Exercise goal: Search the entries for the word "Figure" and report each line that has it.

___ Data to use ___

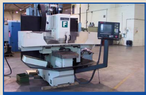
H.H.ROBERTS MOD. TE-31-TRH CNC MILL
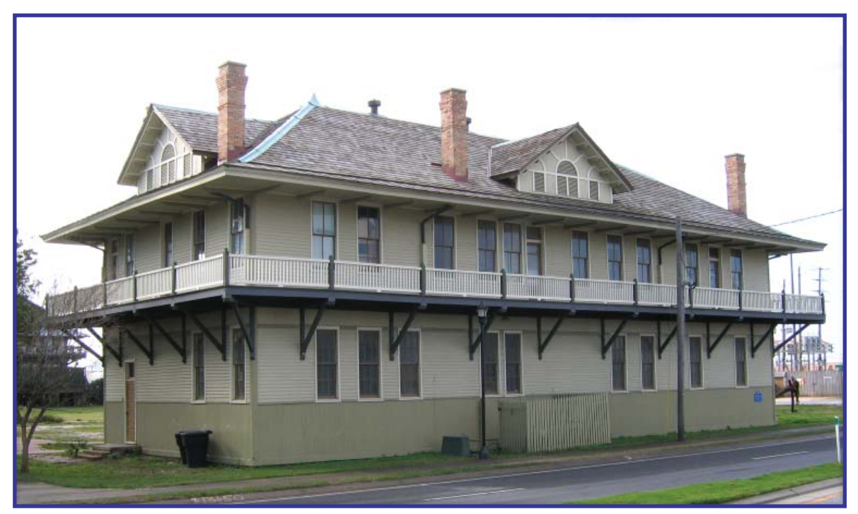
UWF's L&N Marine Terminal: Future home of the Coordinating Center of the Florida Public Archaeology Network.
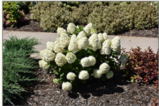
Little Lime Punch Hydrangea in bloom
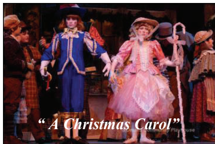
"A Christmas Carol"
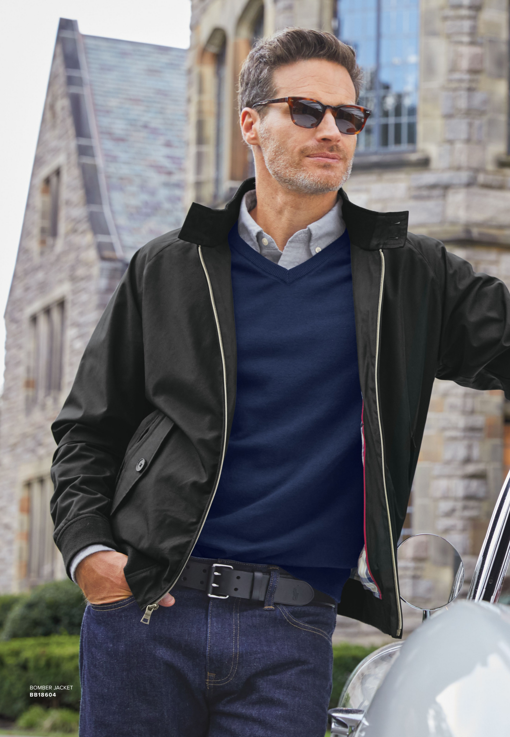
BOMBER JACKET BB18604
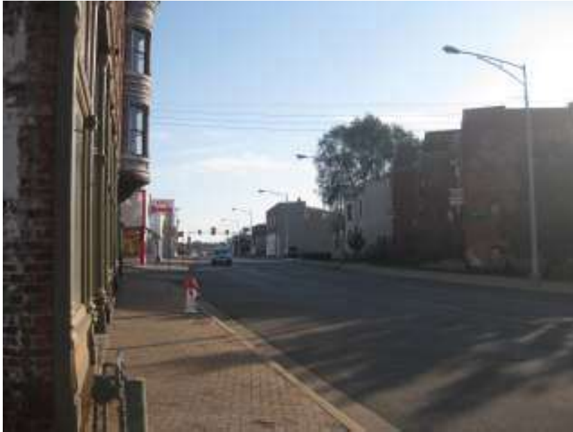
East view of Frederick Avenue; the NR listed Kelley and Brown Flats and Lawler Motor Company are on the right.
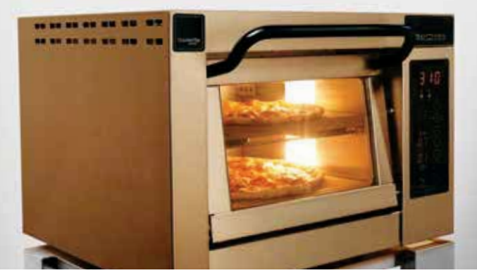
PM 351ED-1 made in Royal Gold
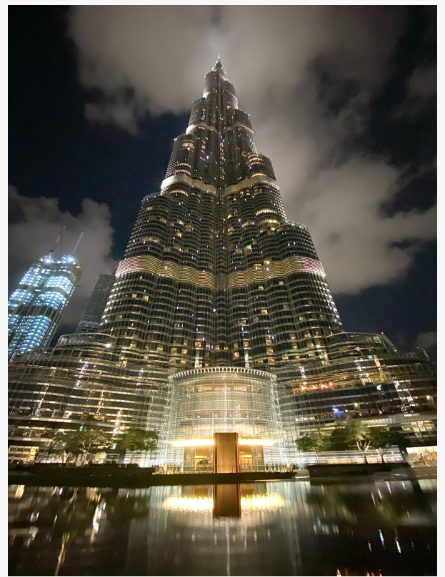
Dubai needs no introduction, being one of the most renowned cities in the United Arab Emirates. Its reputation for opulence and affluence is well-earned, boasting iconic structures like the Burj Khalifa.
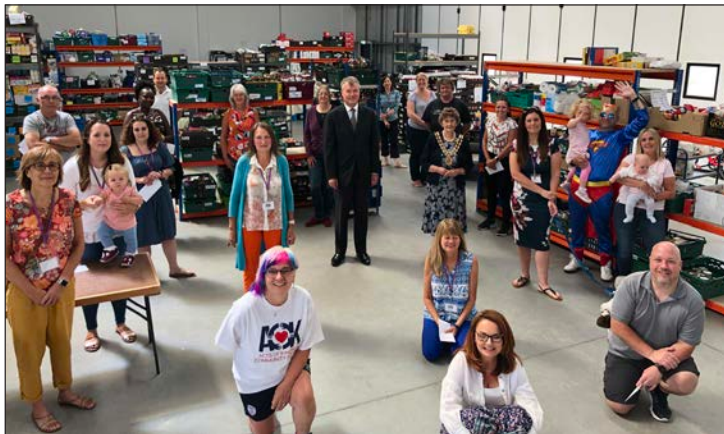
Acts of Kindness volunteers are using one of the business hangars at Solent Airport@Daedalus provided free by the Council.

"Many hundreds of people in need have been helped across the
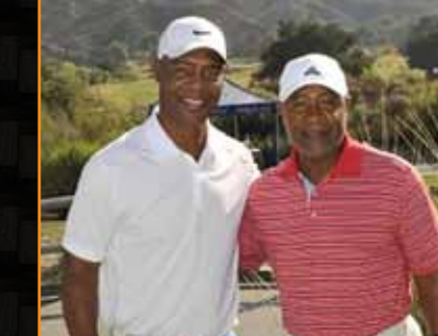
Marcus Allen and Ozzie Smith
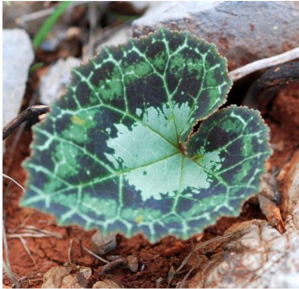
Wild cyclamen leaf
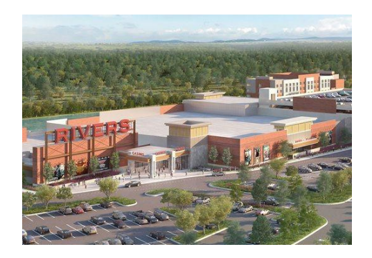
TBA (Venue subject to change) April 12<sup>th</sup> and 13th Schenectady, NY
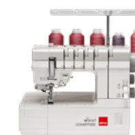
eXtend covermax Coverstitcher with 5/4/3/2 threads for top cover stitch additionally, with built-in spreader.
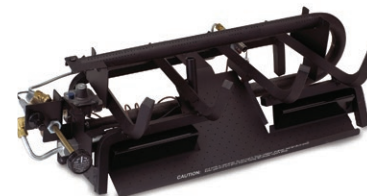
G10 - Burner
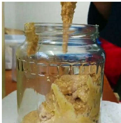
Figure 11: Grinded nut spread

Hydrogenated vegetable oil acts as a stabilizer, which prevents the oil from collecting at the top of the jar [12]. Throughout the grinding process, peanuts are kept under constant pressure to prevent formulation of air bubbles, which could cause oxidation.
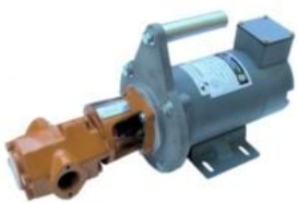
24GPM 12V Oil
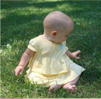
Rio discovering grass

INTERESTING THINGS FOR LIVING AND GIVING
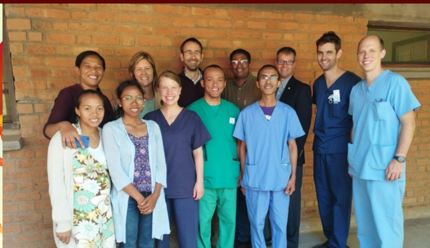
PAACS Faculty and Residents at Hopitaly Vaovao Mahafaly Mandritsara in Madagascar

Monthly Newsletter Issue #219 October 2022
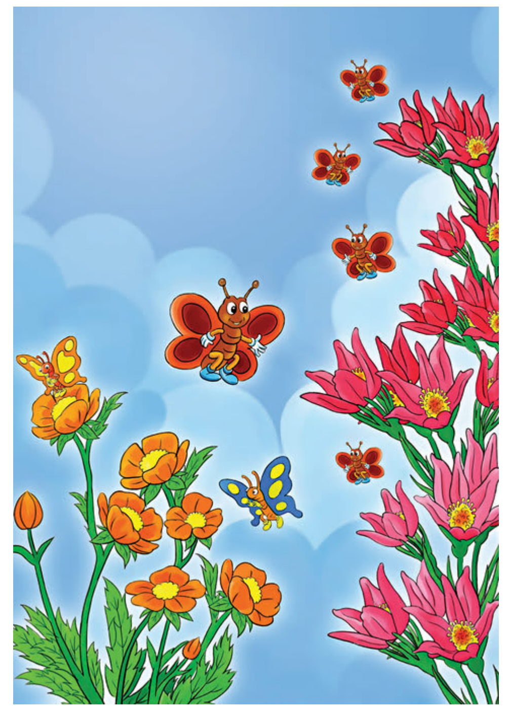
Mening bog'imda juda ko'p chiroyli gullar bor. Har doim kapalaklar bilan to'la. Ular gullarni yaxshi ko'rishadi.
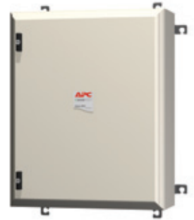
MGE Galaxy 5500 External Bypass Wallmount
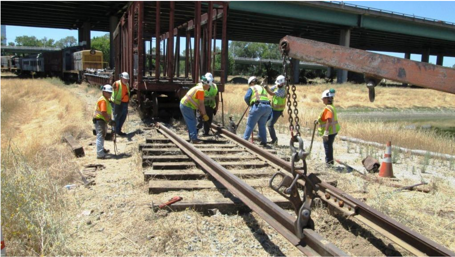
The Green Machine holds up one rail as the Team uses jacks to adjust the elevation of the other
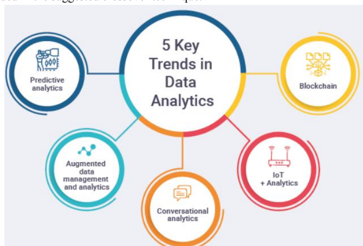
Figure 2: Data Analytics
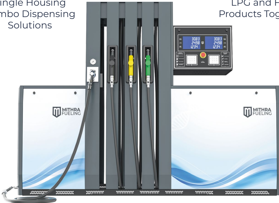
Inno 6000 H Combo Dispenser

Please contact us for detailed information about all our Combo Dispensers.

___

Output for this exercise:
Figure 11: Grinded nut spread
Figure 2: Data Analytics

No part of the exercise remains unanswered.